Aahz wrote:
<plug> The processing package at http://cheeseshop.python.org/pypi/processing is multi-platform and mostly follows the API of threading. It also allows use of 'shared objects' which live in a manager process. For example the following code is almost identical to the equivalent written with threads: from processing import Process, Manager def f(q): for i in range(10): q.put(i*i) q.put('STOP') if __name__ == '__main__': manager = Manager() queue = manager.Queue(maxsize=3) p = Process(target=f, args=[queue]) p.start() result = None while result != 'STOP': result = queue.get() print result p.join() Josiah wrote:
The IPC uses sockets or (on Windows) named pipes. Linux and Windows are roughly equal in speed. On a P4 2.5Ghz laptop one can retreive an element from a shared dict about 20,000 times/sec. Not sure if that qualifies as fast enough. </plug> Richard

"Richard Oudkerk" <r.m.oudkerk@googlemail.com> wrote:
Depends on what the element is, but I suspect it isn't fast enough.
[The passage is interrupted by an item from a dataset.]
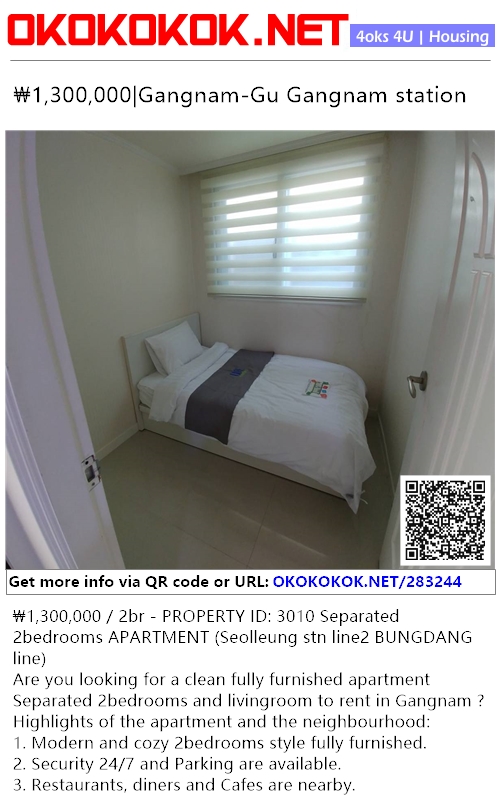 ₩1,300,000 / 2br - PROPERTY ID: 3010 Separated 2bedrooms APARTMENT (Seolleung stn line2 BUNGDANG line)
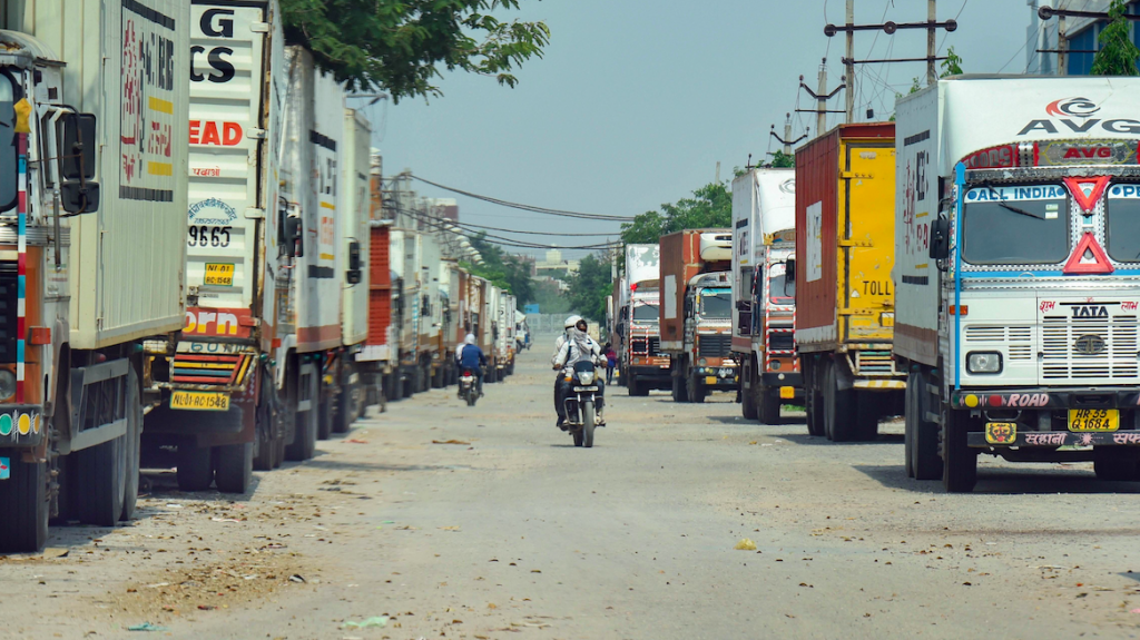 Trucks are parked on either side of a road near Kundali Industrial area, during the fourth phase of the ongoing COVID-19 nationwide lockdown, in Sonipat, Monday, May 18, 2020. Photo: PTI

Fairly large native dictionaries seem to run on the order of 1.3 million fetches/second on my 2.8 ghz machine. >>> import time >>> d = dict.fromkeys(xrange(65536)) >>> if 1: ... t = time.time() ... for j in xrange(1000000): ... _ = d[j&65535] ... print 1000000/(time.time()-t) ... 1305482.97346 >>> But really, transferring little bits of data back and forth isn't what is of my concern in terms of speed. My real concern is transferring nontrivial blocks of data; I usually benchmark blocks of sizes: 1k, 4k, 16k, 64k, 256k, 1M, 4M, 16M, and 64M. Those are usually pretty good to discover the "sweet spot" for a particular implementation, and also allow a person to discover whether or not their system can be used for nontrivial processor loads. - Josiah

On 3/25/07, Josiah Carlson <jcarlson@uci.edu> wrote:
Not directly relevant to the discussion, but I attended recently a talk from the main developer of STXXL (http://stxxl.sourceforge.net/), an STL-compatible library for handling huge volumes of data. The keys to efficient processing are support for parallel disks, explicit overlapping between I/O and computation, and I/O pipelining. More details are available at http://i10www.ira.uka.de/dementiev/stxxl/report/. George

On 26/03/07, Josiah Carlson <jcarlson@uci.edu> wrote:
The "20,000 fetches/sec" was just for retreving a "small" object (an integer), so it only really reflects the server overhead. (Sending integer objects directly between processes is maybe 6 times faster.) Fetching string objects of particular sizes from a shared dict gives the following results on the same computer: string size fetches/sec throughput ----------- ----------- ---------- 1 kb 15,000 15 Mb/s 4 kb 13,000 52 Mb/s 16 kb 8,500 130 Mb/s 64 kb 1,800 110 Mb/s 256 kb 196 49 Mb/s 1 Mb 50 50 Mb/s 4 Mb 13 52 Mb/s 16 Mb 3.2 51 Mb/s 64 Mb 0.84 54 Mb/s

"Richard Oudkerk" <r.m.oudkerk@googlemail.com> wrote:
That's a positive sign.
Fetching string objects of particular sizes from a shared dict gives the following results on the same computer:
Those numbers look pretty good. Would I be correct in assuming that there is a speedup sending blocks directly between processes? (though perhaps not the 6x that integer sending gains) I will definitely have to dig deeper, this could be the library that we've been looking for. - Josiah

On 27/03/07, Josiah Carlson <jcarlson@uci.edu> wrote:
Yes, sending blocks directly between processes is over 3 times faster for 1k blocks, and twice as fast for 4k blocks, but after that it makes little difference. (This is using the 'processing.connection' sub-package which is partly written in C.) Of course since these blocks are string data you can avoid the pickle translation which makes things get faster still: the peak bandwidth I get is 40,000 x 16k blocks / sec = 630 Mb/s. PS. It would be nice if the standard library had support for sending message oriented data over a connection so that you could just do 'recv()' and 'send()' without worrying about whether the whole message was successfully read/written. You can use 'socket.makefile()' for line oriented text messages but not for binary data.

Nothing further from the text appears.